Poullain concluded from his brief survey of the literature that there was nothing in this ancient twaddle of profit to the modern world. The true wonder, he remarked, was that "serious men" could try to make "serious use" of old jokes. Their behavior, Poullain suggested, was but another proof of the blindness that prejudice inflicts on people who ought to know better." pp. xlviii - xlix
A few brief sentences - no matter how advanced they were in anticipating the canons of interpretation used by modern textual critiques - were inadequate to lay the Bible to rest. It was not long, therefore, before Poullain was at work on a second book (De l'Excellence des hommes) that dealt extensively with Scriptural material.
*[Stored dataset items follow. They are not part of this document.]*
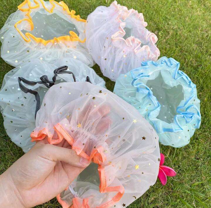 หมวกคลุมผมตาข่าย PE คู่สำหรับผู้ใหญ่ดีไซน์ท้องฟ้าเต็มไปด้วยดวงดาวที่คลุมผมพลาสติกกันน้ำได้จากโรงงานคนดังทำความสะอาด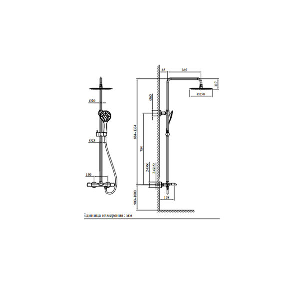 | Комплектация | термостатический смеситель настенного монтажа / телескопическая штанга / ручной душ / гибкий полимерный шланг / регулируемый по высоте латунный верхний душ / эксцентрики / чаши декоративные |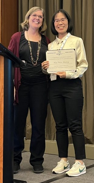Dr. Hsu-Wen Huang has been dedicated to interdisciplinary research in psychophysiology, integrating perspectives from cognitive neuroscience, social science, aging, mental health, and psycholinguistics. In recognition of outstanding contributions and international impact in this field, Dr. Huang has been named a Fellow of the Society for Psychophysiological Research (SPR) for 2025, currently the only recipient from Asia.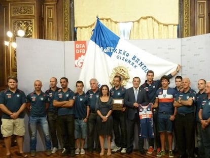 El diputado general de Bizkaia, José Luis Bilbao, ha recibido en el Palacio foral al club de Remo Urdaibai tras ganar el pasado domingo la Bandera de la Concha y les ha felicitado por sus éxitos esta temporada y su espíritu de superación tras la sanción por dopaje y su descalificación en la edición del pasado año de la regata donostiarra.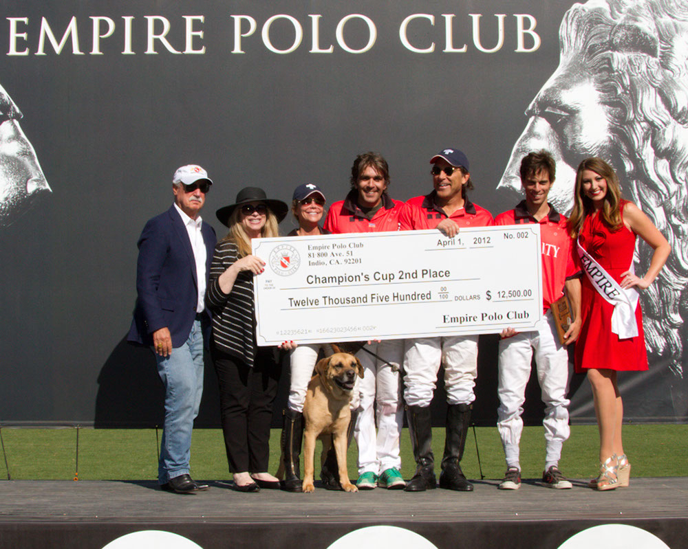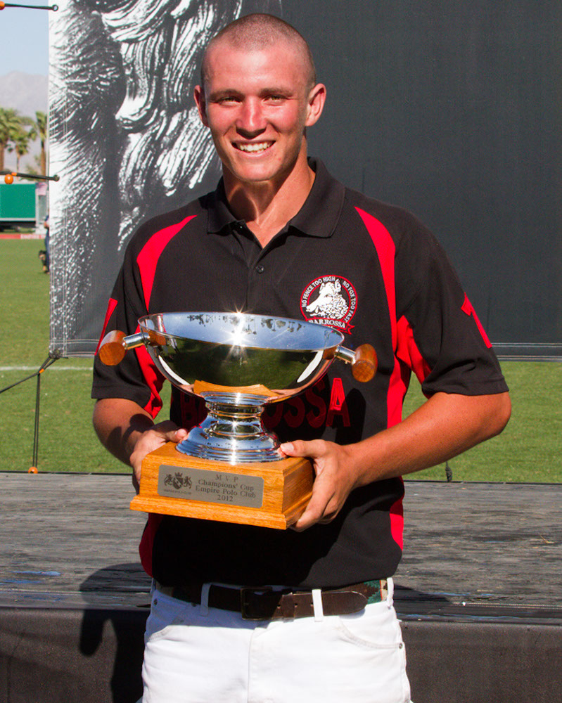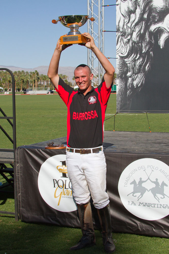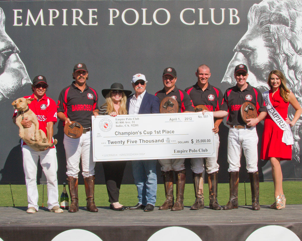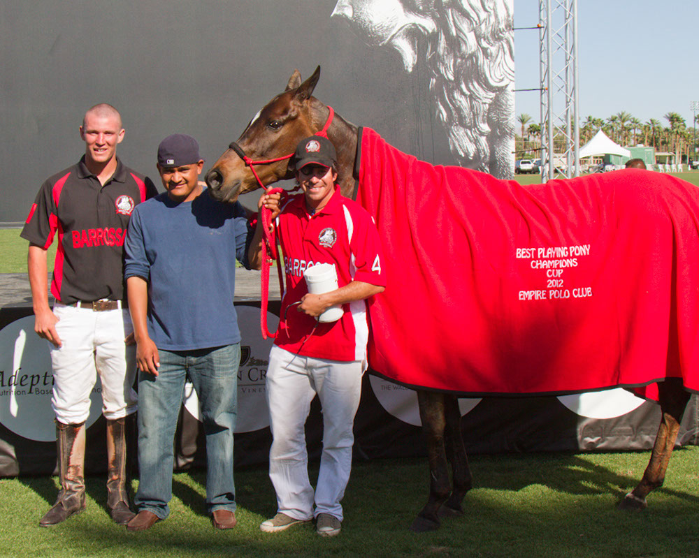 Jesse Bray, substituting for an injured Ernie Ezcurra, scored ten goals as Barrossa (Erik Wright, Jef Graham, Santiago Trotz and Jesse Bray) smothered Trinity (Rick Paicius, Robin Paicius, Clemente Zavaleta and Agustin Zavaleta) in the finals of the 2012 Champions Cup finals at the Empire Polo Club in Indio, California Sunday afternoon.
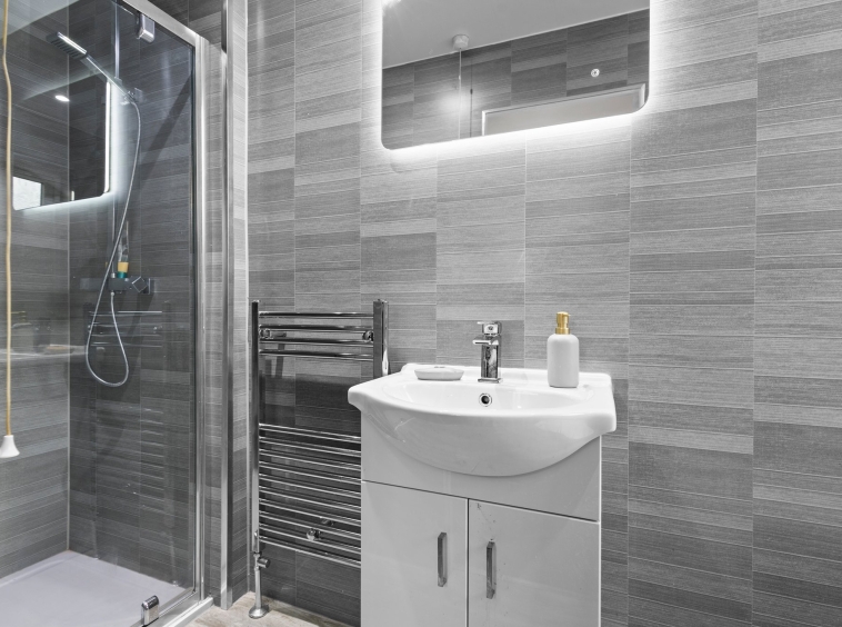 3.05m x 0.92m (10′ 0″ x 3′ 0″) The modern three piece master en suite comprises of a wash hand basin with vanity storage, wc and shower cubicle with mains overhead shower Stylish wet wall finish to walls, heated towel rail, LED mirror, ceiling spotlights and double glazed opaque window to the side.

De l'Excellence des hommes and De l'Egalite des deux Sexes supplement each other so neatly that in 1690 they were published in one volume." p. l
Part One
In which it is demonstrated that ordinary belief is a prejudice and that, when the conduct of men and of women is compared without bias, a complete equality between the two sexes must be recognized." p. 13
But, likewise, it only takes eyes to see that the two sexes are in this like two brothers in a family - where the younger often shows (notwithstanding the negligence with which he is raised) that his elder [sibling] is superior to him only in being born first.
What end does the education given men ordinarily serve? It is mostly useless for the purpose for which it is proposed. It does not prevent many of them from falling into dissoluteness and vice and other of them from remaining permanently ignorant (even becoming yet more foolish than they were). If they have some decency, playfulness, and civility, they lose it through education. Everything grates on them, and they grate on everything. One might say they had spent their whole youths travelling [sic] in a country where they had associated solely with savages (so much rudeness and coarseness in manners do they take home with them). What they have learned is like contraband merchandise that they do not dare or do not know how to sell. If they wish to enter the world and cut a good figure there, they are obliged to go to the "school of women" to learn courtesy, kindness and all the visible signs that make up the essence of a gentleman today.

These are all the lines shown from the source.